Can you make more than one 3x3 magic square adding only using the numbers 1-9?....
2006-11-22 05:32:46 · 2 answers · asked by henree_yee 2 in Science & Mathematics ➔ Mathematics
Discounting rotations and mirror images, there is only one way to make a magic square using the digits 1 through 9.
First, we can prove the 5 has to go in the middle:
Let the numbers in the top row from left to right be a, b, and c. Let the numbers in the middle row from left to right be d, e, and f. (Note e is the middle box.) Let the numbers in the bottom row from left to right be g, h, and i.

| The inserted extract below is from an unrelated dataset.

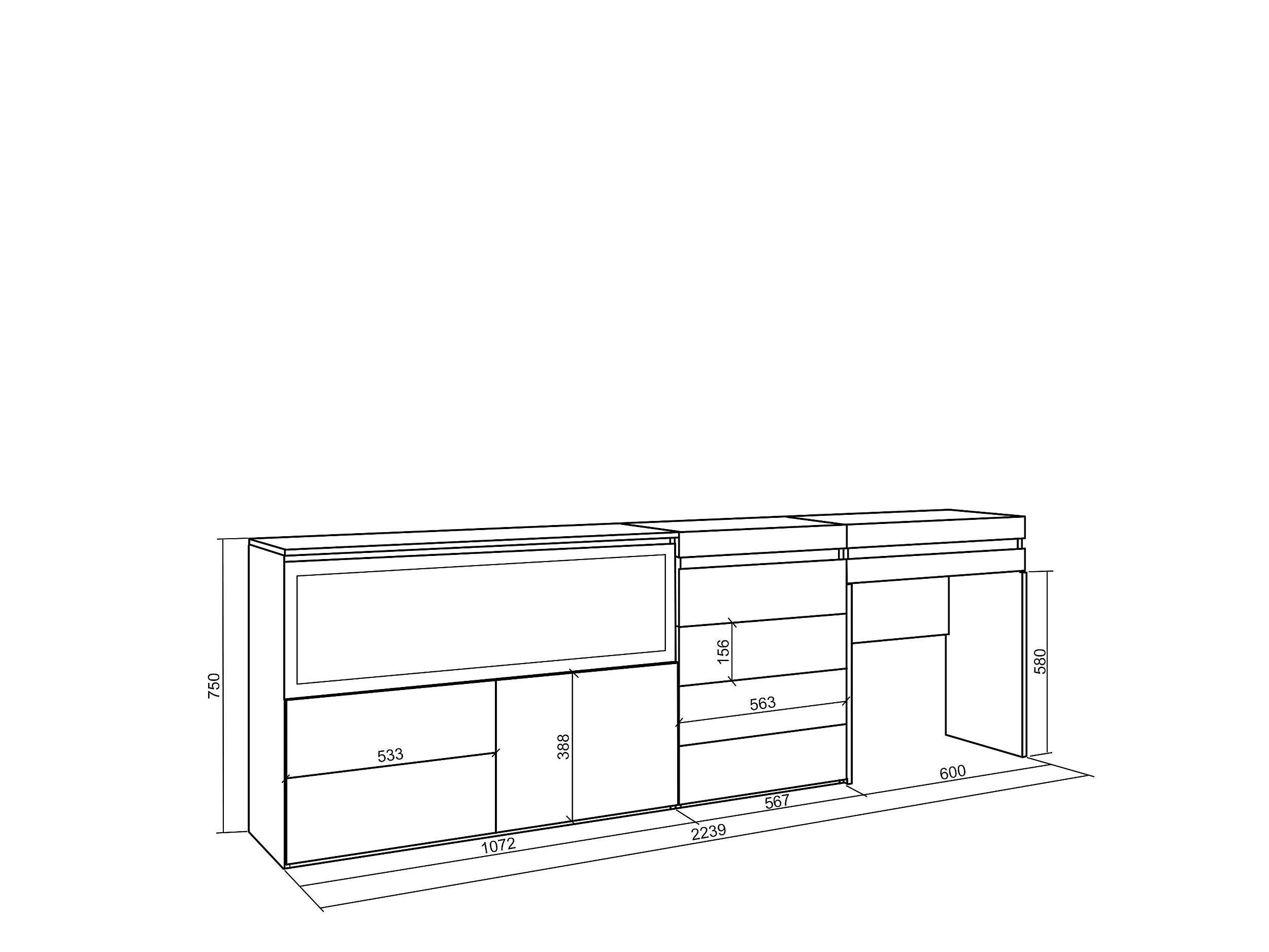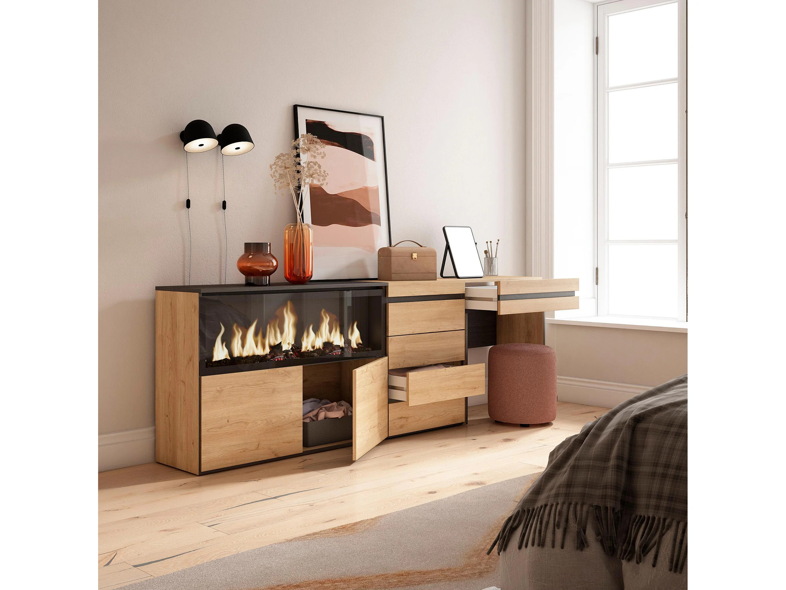 Kaptafel, Make-uptafel, 234x35x75cm, Met lade, Elektrische haard XXL, Ladekast, Commode, Eiken

We know a + b + c = 15 and g + h + i = 15
We also know a + e + i = 15, b + e + h = 15, and c + e + g =15. Therefore, (a + e + i) + (b + e + h) + (c + e + g) = 15 * 3 = 45. We can rearrange this to (a + b + c) + (g + h + i) + 3e = 45. Since a + b + c = 15 and g + h + i = 15, that reduces to 15 + 15 + 3e = 45, or 3e = 15. Therefore e (the middle box) must equal 5.
Knowing the middle box is 5, try 9 in a corner and you'll notice a problem - the 6, 7 and 8 can't all be placed in the square without the row or column with the 9 exceeding 15. So, the 9 has to occupy a side box. Since we are discounting rotations and mirror images, we can arbitrarily select box b for the 9. This forces the placement of the 1 in box h.
With the 9 and 1 now placed, the 8 and 6 have to go in the row with the 1. So, we'll put the 8 in box g and the 6 in box i. (We still haven't done anything to create a second square if rotations and mirror images are discounted.) That forces the placement of the final four numbers.
2006-11-22 06:21:58 · answer #1 · answered by Anonymous · 1⤊ 0⤋
The Lo Shu magic square using only 1 through 9 for a 3 x 3 grid is unique.
2006-11-22 05:49:55 · answer #2 · answered by Scythian1950 7 · 1⤊ 0⤋